The incidence of multiple myeloma is 2 to 4/100,000. Male:female ratio is 1.6:1, and the median age is about 65 yr. Prevalence in blacks is twice that in whites. Etiology is unknown, although chromosomal and genetic factors, radiation, and chemicals have been suggested.
Pathophysiology
The M-protein produced by the malignant plasma cells is IgG in about 55% of myeloma patients and IgA in about 20%; of patients producing either IgG or IgA, 40% also have Bence Jones proteinuria, which is free monoclonal κ or λ light chains in the urine. In 15 to 20% of patients, plasma cells secrete only Bence Jones protein. IgD myeloma accounts for about 1% of cases.
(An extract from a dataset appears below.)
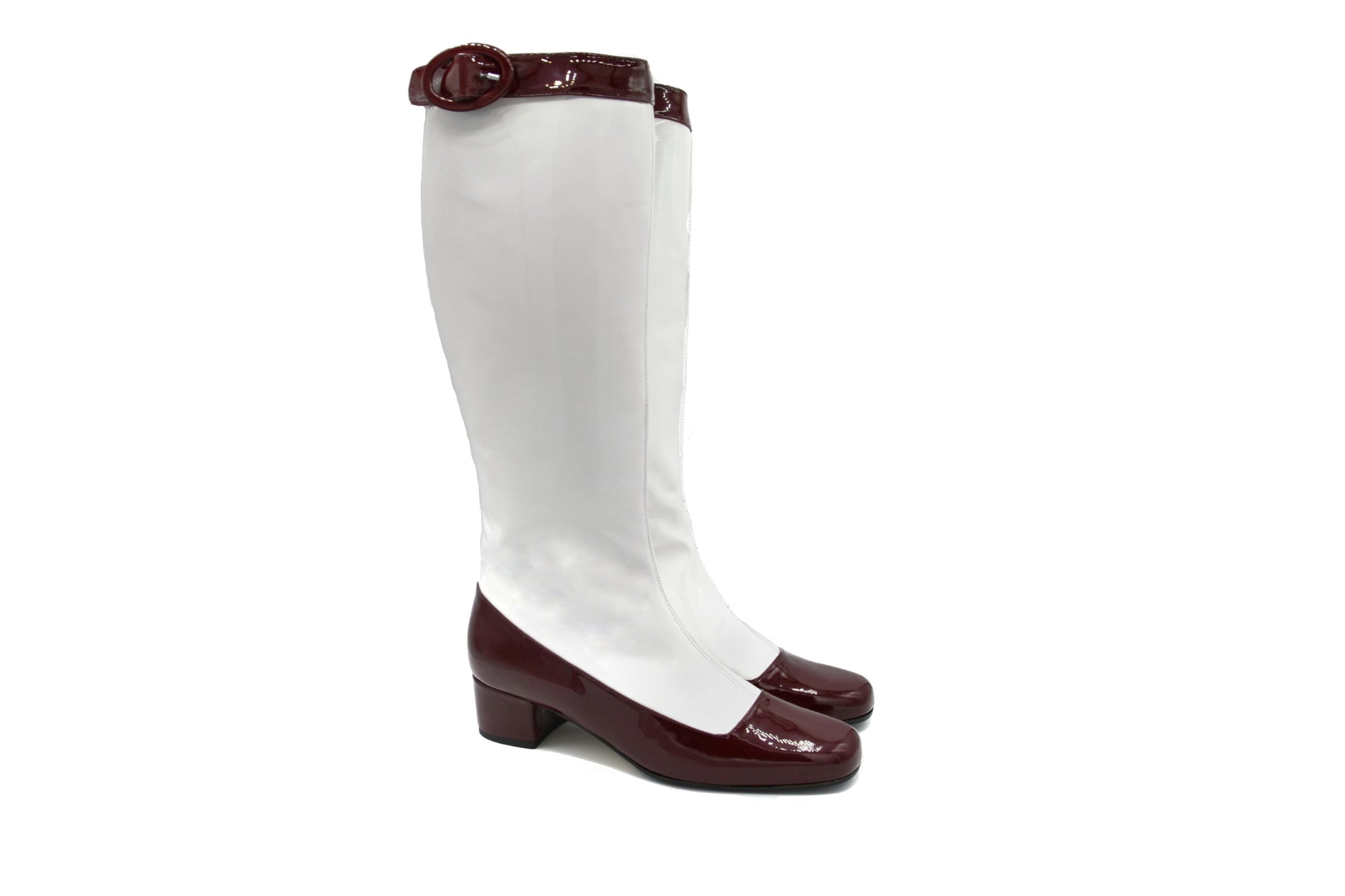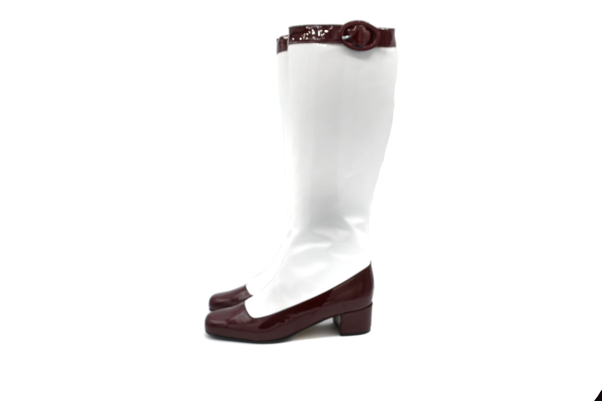Gli stivali Bice realizzati in pelle in vernice con fibbia al gambale.

Diffuse osteoporosis or discrete osteolytic lesions develop, usually in the pelvis, spine, ribs, and skull. Lesions are caused by bone replacement by expanding plasmacytomas or by cytokines that are secreted by malignant plasma cells that activate osteoclasts and suppress osteoblasts. The osteolytic lesions are usually multiple; occasionally, they are solitary intramedullary masses. Enhanced bone loss may also lead to hypercalcemia. Extraosseous solitary plasmacytomas are unusual but may occur in any tissue, especially in the upper respiratory tract.
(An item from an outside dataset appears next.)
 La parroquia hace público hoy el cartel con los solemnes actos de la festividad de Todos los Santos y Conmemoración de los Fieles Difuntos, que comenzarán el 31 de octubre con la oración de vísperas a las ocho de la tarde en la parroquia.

Renal failure (myeloma kidney) occurs in many patients at diagnosis or during the course of the disorder due to many causes, most commonly from deposition of light chains in the distal tubules and hypercalcemia. Patients also often develop anemia usually from kidney disease or suppression of erythropoiesis by cancer cells.
Susceptibility to bacterial infection may occur in some patients. Viral infections, especially herpes infections, are increasingly occurring as a result of newer treatment modalities. Secondary amyloidosis (see Amyloidosis: Secondary amyloidosis (AA)) occurs in 10% of myeloma patients, most often in patients with Bence Jones proteinuria of λ-type.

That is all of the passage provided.